The onboarding process ensures a minimum maturity level for all teams and services that are aligned with the model. This is how we can be confident that a VCDM onboarded service is secure, reliable, and performs well.
It is how we can be confident that a VCDM Service Delivery Team is capable of efficiently developing and delivering a high quality cloud service, and that they are capable of handling any unforeseen incidents that might happen.
Visma has a tendency to acquire other companies, and VCDM is an excellent alignment tool for us in terms of processes, requirements, mindset and vocabulary.
As an example, all VCDM teams handle incidents in the same way. They use the same template for incident reports, and they can all be found in the same place. Similarly, all VCDM services use the same framework for disaster recovery planning and testing.
Because of this alignment, we are able to gather the same type of data across all VCDM teams and cloud services. Based on this data we have developed different maturity indexes, that measure the maturity of VCDM teams and cloud services within different areas.
Currently, we have one index for security, one for Continuous Delivery and DevOps, and one for architecture and technology. Everyone in Visma has access to these indexes which are calculated on a daily basis, and both the teams themselves as well as their stakeholders pay attention to them which encourages continuous improvement.
A couple of months after the first workshop, we had a model and an onboarding process that was ready to be piloted. Out of three initial pilot teams, two of them completed onboarding in four months, meaning that they were now working in alignment with the model.
One team had to back out from the pilot phase, as they were not mature enough to complete onboarding within a reasonable time frame.

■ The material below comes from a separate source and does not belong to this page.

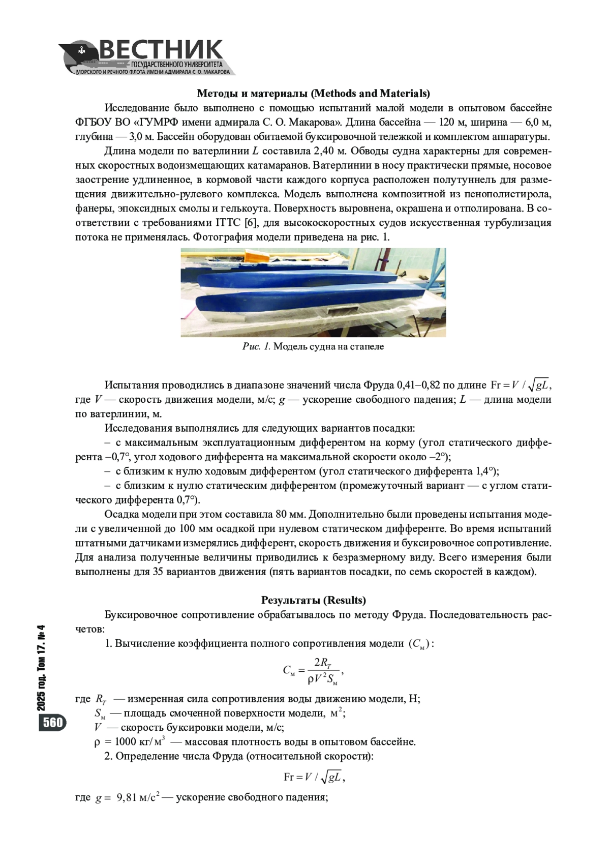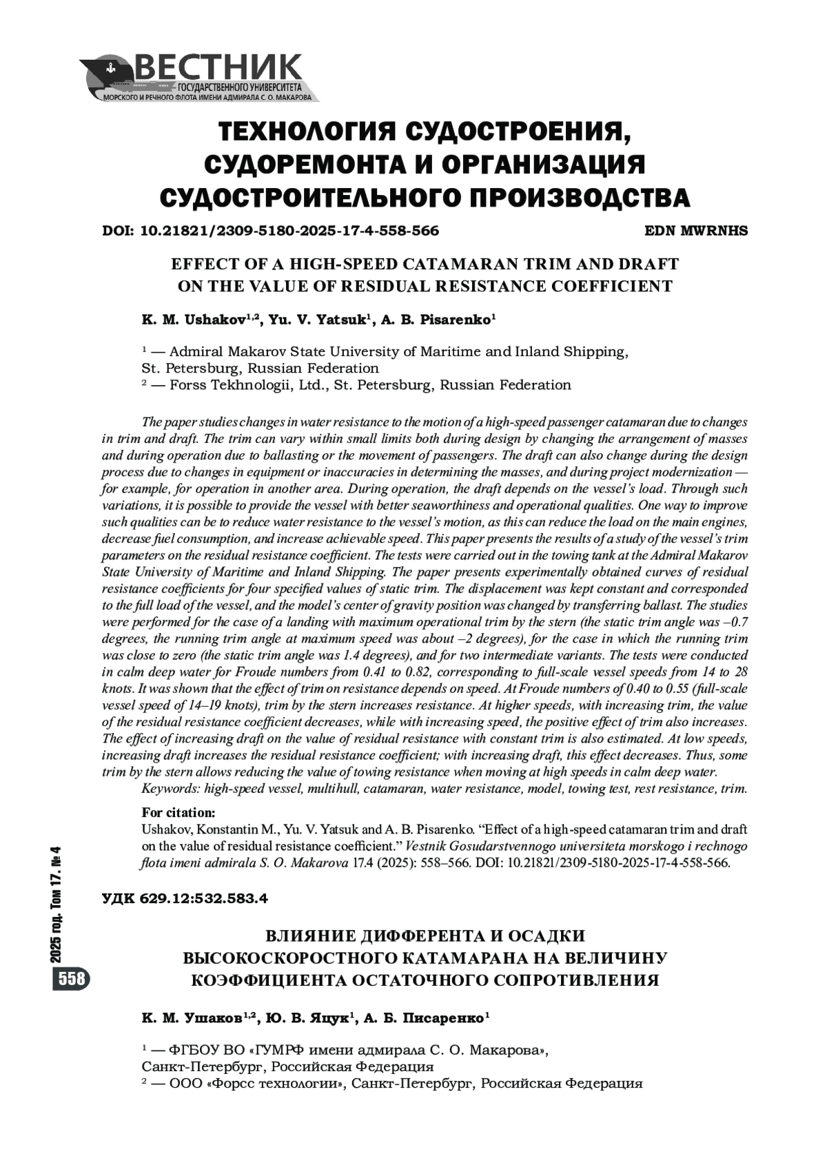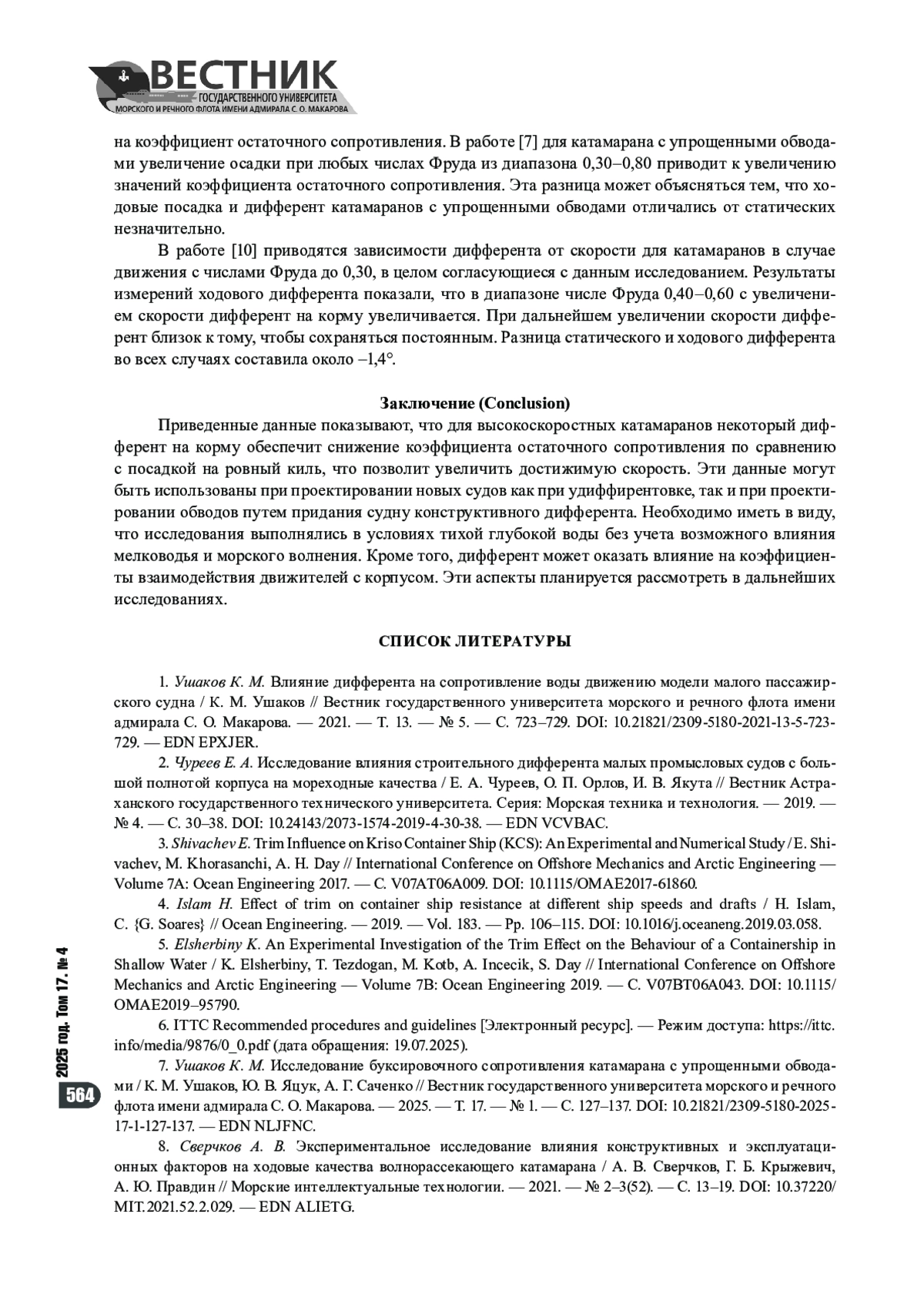 7. Ушаков К. М. Исследование буксировочного сопротивления катамарана с упрощенными обводами / К. М. Ушаков, Ю. В. Яцук, А. Г. Саченко // Вестник государственного университета морского и речного флота имени адмирала С. О. Макарова. - 2025. - Т. 17. - № 1. - С. 127-137. https://doi.org/10.21821/2309-5180-202517-1-127-137. - EDN NLJFNC.

We saw that it was very difficult to fulfill the VCDM requirements in a traditional private cloud, with less self-service and automation possibilities.
In the four month pilot period we continued to make changes to the model and the onboarding process, and we have continued to do so ever since. It’s important for us to continuously improve and keep VCDM up to date.
We are now around 12 people who work on continuously updating and improving the Visma Cloud Delivery Model as well as guiding teams through the onboarding process. We are continuously gathering feedback from the onboarded teams on how we can improve, striving to minimise any overhead and maximise the value of the model for the teams and for Visma.
To that end, we have a structured retrospective process, and role-based competence forums that ensure experience sharing and organisational learning. We also use these forums to inform about and ensure adoption of changes to the model.It has been quite the journey since the spring of 2015.
About 40 teams have onboarded to the model so far, and there are at least 40 more in the pipeline. I’m excited to see where we will be in another three and a half years.